I was running Manjaro Xfce from the sd card, with the emmc mounted for storage. I tried to save a file in Mousepad, and it said the file was read-only. Checked perms; it should be writable by me. I tried to create a new file in Thunar, knowing I shouldn't have to do that, and it said the file system was read-only. That was the "oh shit" moment because I know linux remounts file systems read-only when an I/O error occurs.

I checked the dmesg, and it was full of CQE recovery failed messages for the mmc. The filesystem was still navigable due to caching, but trying to read a file, even with less, would result in the command locking up.

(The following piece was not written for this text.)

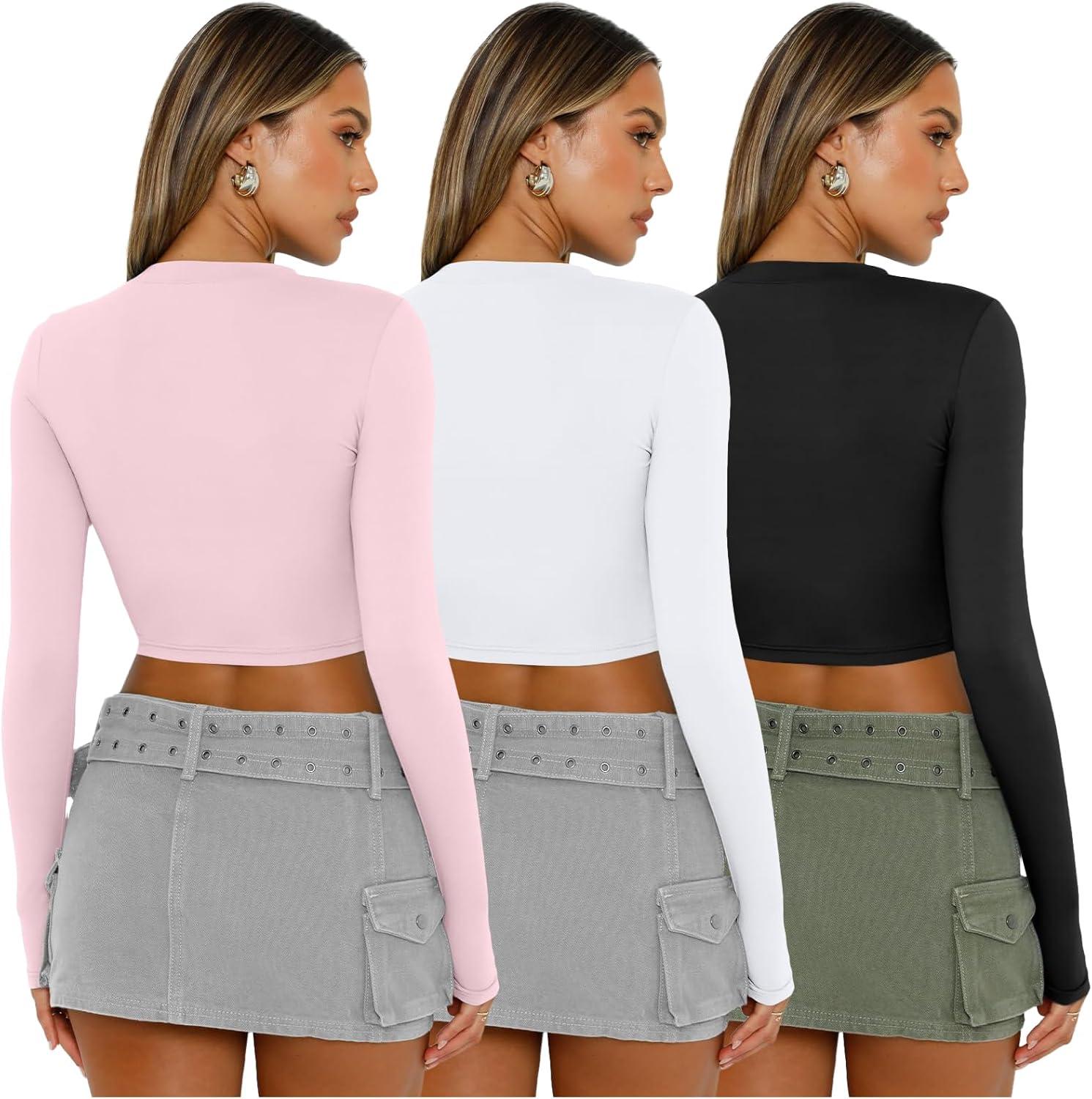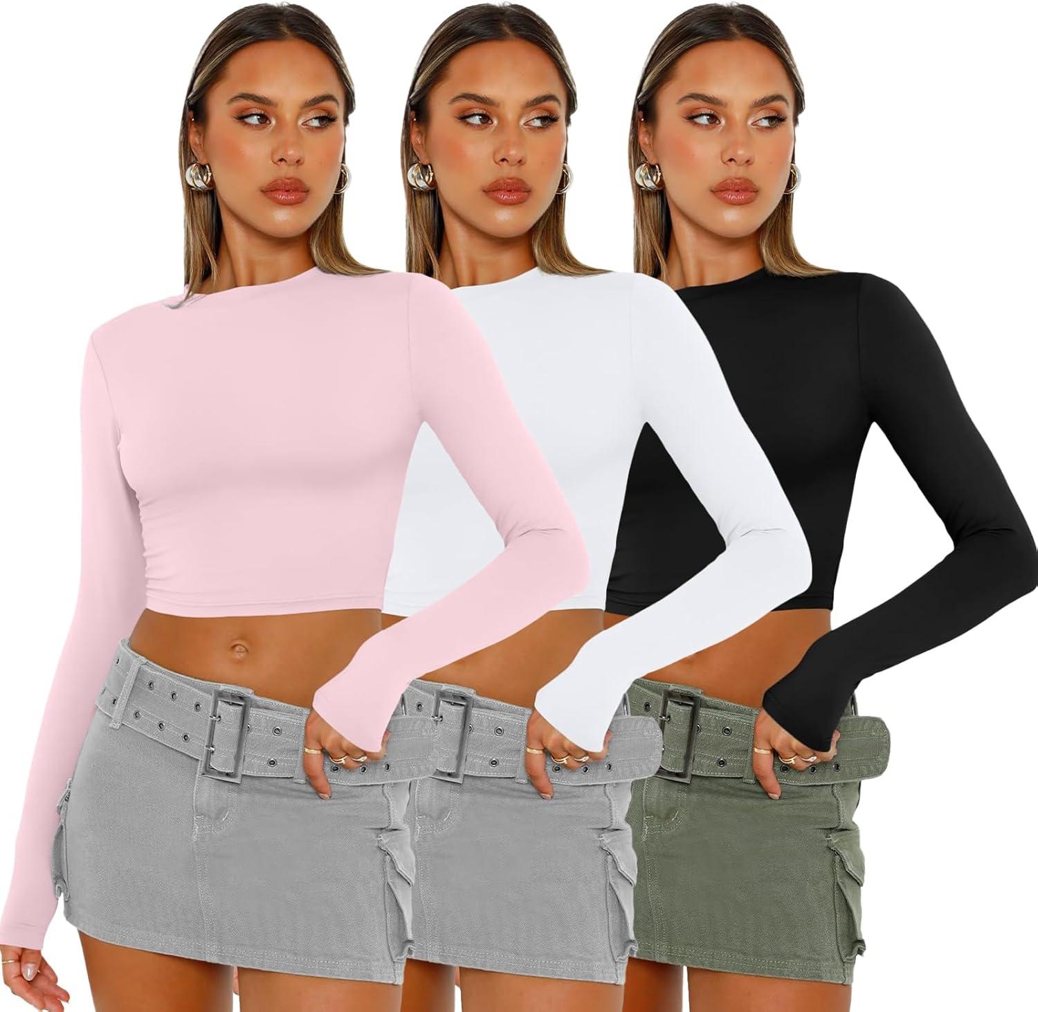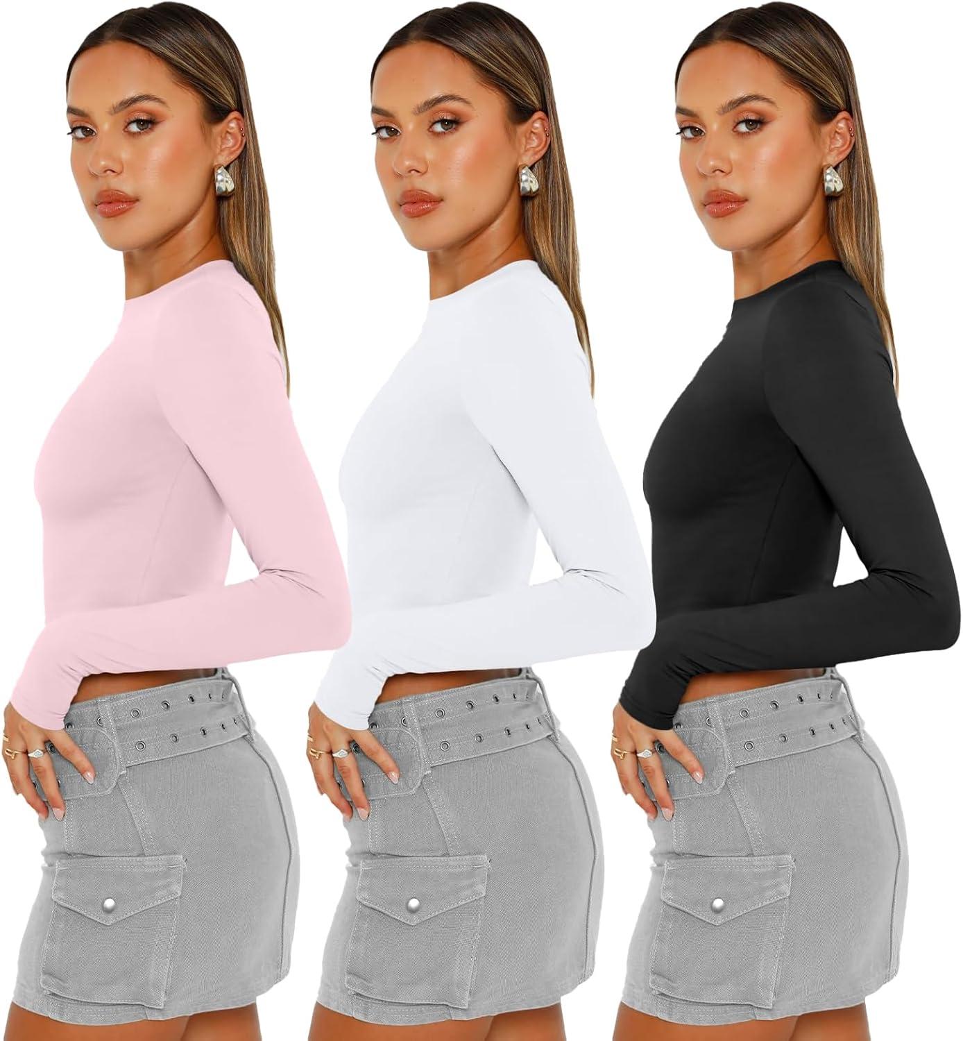 AUTOMET 3 Pack Womens Long Sleeve Shirts Y2K Going Out Crop Tops Cute Basic Slim Fitted Fall Fashion Outfits 2025 Clothes(Pinkwhiteblack)

On the web, it looked like rebooting solved similar errors temporarily, so I rebooted. After reboot, lsblk showed ~30MB capacity for the emmc instead of the expected 58.9G, and the sd card was flagged read-only in short order; the system would not allow remounting the sd card rw.

I attempted to reboot again, and the system wouldn't boot. I now know that the boot priority on the PBP always starts with the emmc, and the bootloader on the emmc is supposed to check for bootable media on the sd card, so if the emmc bootloader is out of sorts, you have to flip the emmc disable switch or pull the emmc in order to boot.

I put the pulled emmc on the pine store-supplied emmc-to-usb adapter, and tried it in a second PBP. The USB mass storage device lists as 0b capacity, and reports "Medium not present". testdisk isn't able to read it.

Looking at recovery options, there are at least four levels you can access these devices on. The highest level is a usb adapter, where the simple circuitry on the adapter presents it to the system as a generic block device. Next is putting it into an emmc socket, where it reports as /dev/mmcblkX, and you can manipulate it as an mmc. I'm going to see what I can do with that next. The ideal testbed for that is a single-board computer in an open enclosure, so you don't have to open your running PBP and flip the switch back on.

Then there's JTAG ? I still need to read about that.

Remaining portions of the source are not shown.